Notwithstanding the lack of information as to how IFI16 transmits a downstream signal, the importance of IFI16 in viral DNA sensing is underscored by the fact that viral immune evasion strategies have already been identified that target IFI16 function. Specifically, the HSV-1 protein ICP0 targets IFI16 for proteasomal degradation in order to suppress IRF3 activation [67], while the HCMV protein pUL83 interacts with the pyrin domain of IFI16 in order to prevent it forming an oligomer, likely blocking receptor activation [68].

6. Discovery of cGAS as a critical DNA sensor acting via STING

In 2013, the discovery of a novel signaling pathway upstream of STING involving cGAMP synthase (cGAS) represented a hugely significant advance in our understanding of the signaling mechanisms underpinning innate DNA sensing. Zhijian Chen's group identified a factor synthesized by mammalian cells following stimulation with DNA that was capable of activating STING [69]. This factor was cyclic-GMP-AMP (cGAMP) and it was shown to directly bind STING and lead to IRF3 activation [69, 70]. cGAMP is very similar in structure to the bacterial CDNs that can bind and activate STING, suggesting that such CDNs are actually mimicking host cGAMP as a means of stimulating STING-dependent type I IFN-Induction to benefit the bacteria [5, 31]. Chen's group also identified the enzyme that generates cGAMP upon DNA stimulation of cells, from the substrates ATP and GTP, as cGAS [71]. This novel cGAS-cGAMP signaling pathway is reminiscent of the pathway whereby adenylate cyclase generates the second messenger cAMP from ATP in response to G protein-coupled receptors. The crystal structures of both free cGAS and of cGAS bound to DNA have already been solved. This revealed that cGAS resembles the dsRNA binding protein OAS1 in overall structure, with modifications in the nucleotide binding region that specify affinity for dsDNA rather than dsRNA [70, 72, 73]. In the case of cGAS, enzyme activation occurs in response to direct binding of DNA to cGAS, which causes a conformational change allowing access of the nucleotide substrates into the active site, and subsequent synthesis of cGAMP (reviewed in [74]).
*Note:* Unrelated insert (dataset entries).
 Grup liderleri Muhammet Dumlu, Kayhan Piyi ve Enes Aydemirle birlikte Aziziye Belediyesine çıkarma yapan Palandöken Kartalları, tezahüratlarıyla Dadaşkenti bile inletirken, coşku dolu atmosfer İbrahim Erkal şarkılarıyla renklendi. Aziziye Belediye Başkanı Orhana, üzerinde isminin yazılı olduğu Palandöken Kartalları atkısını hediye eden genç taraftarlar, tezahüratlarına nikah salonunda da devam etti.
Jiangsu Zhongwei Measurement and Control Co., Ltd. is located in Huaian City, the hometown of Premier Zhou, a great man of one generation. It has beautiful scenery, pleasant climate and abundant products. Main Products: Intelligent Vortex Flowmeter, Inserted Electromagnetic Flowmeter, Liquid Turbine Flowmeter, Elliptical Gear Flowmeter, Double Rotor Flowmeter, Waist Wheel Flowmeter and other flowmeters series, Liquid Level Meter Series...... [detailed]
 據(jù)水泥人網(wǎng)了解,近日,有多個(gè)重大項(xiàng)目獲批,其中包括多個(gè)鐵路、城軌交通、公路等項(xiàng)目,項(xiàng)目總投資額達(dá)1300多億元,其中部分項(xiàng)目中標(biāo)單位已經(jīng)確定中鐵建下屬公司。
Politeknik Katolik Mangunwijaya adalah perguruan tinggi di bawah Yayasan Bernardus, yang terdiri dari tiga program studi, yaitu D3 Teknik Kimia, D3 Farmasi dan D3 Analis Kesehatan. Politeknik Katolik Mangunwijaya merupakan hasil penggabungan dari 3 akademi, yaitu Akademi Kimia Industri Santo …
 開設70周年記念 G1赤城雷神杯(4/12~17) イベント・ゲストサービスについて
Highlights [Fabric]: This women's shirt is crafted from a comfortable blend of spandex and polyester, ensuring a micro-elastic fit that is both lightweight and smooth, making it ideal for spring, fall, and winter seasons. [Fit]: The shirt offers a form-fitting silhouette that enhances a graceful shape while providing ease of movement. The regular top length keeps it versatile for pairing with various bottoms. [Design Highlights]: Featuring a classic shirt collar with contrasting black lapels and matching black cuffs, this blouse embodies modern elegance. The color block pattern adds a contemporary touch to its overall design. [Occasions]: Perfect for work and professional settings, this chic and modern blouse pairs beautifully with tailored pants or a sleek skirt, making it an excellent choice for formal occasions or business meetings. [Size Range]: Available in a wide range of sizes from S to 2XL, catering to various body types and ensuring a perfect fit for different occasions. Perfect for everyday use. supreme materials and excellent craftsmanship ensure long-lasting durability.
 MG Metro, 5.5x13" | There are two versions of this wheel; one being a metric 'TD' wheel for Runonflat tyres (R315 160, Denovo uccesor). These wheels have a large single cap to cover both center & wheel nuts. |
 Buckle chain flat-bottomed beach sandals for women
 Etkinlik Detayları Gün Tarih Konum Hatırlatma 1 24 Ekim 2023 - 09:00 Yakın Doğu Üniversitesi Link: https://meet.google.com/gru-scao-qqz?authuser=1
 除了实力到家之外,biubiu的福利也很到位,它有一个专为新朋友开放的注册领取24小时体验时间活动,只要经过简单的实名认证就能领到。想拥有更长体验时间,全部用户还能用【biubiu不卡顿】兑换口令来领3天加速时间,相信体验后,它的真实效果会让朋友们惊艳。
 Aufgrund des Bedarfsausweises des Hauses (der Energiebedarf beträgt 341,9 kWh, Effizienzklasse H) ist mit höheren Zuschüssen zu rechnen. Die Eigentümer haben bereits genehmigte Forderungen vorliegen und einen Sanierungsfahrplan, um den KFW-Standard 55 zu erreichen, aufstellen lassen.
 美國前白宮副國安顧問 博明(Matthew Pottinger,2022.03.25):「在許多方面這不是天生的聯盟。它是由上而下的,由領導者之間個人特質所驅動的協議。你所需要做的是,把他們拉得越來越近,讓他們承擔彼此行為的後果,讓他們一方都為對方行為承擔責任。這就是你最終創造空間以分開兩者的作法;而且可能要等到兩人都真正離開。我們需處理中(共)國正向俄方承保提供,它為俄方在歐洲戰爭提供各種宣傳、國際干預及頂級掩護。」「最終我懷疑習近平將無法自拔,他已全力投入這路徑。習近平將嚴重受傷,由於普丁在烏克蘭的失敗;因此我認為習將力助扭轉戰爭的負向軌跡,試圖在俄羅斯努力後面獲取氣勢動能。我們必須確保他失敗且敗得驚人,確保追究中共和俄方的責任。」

Similar to the case for DNA recognition by AIM2 and IFI16, cGAS contacts dsDNA exclusively via the DNA phosphate backbone, again leading to nucleotide sequence-independent DNA sensing [74].

Importantly, the role of cGAS in DNA sensing in vivo has been confirmed since cGAS knock out mice are now available. Cells from such mice (fibroblasts and BMDMs) were unable to induce IFN and cytokines in response to DNA or live DNA viruses (vaccinia virus, HSV-1 and MHV68), while cGAS−/− mice were more susceptible to lethal infection with HSV-1 or vaccinia virus compared to wild type mice [75, 76]. In addition, similar to IFI16, cGAS has been shown to have a role in sensing HIV-1 since HIV-1-infected cells produced cGAMP, and HIV-1 induced IFN was cGAS-dependent [77].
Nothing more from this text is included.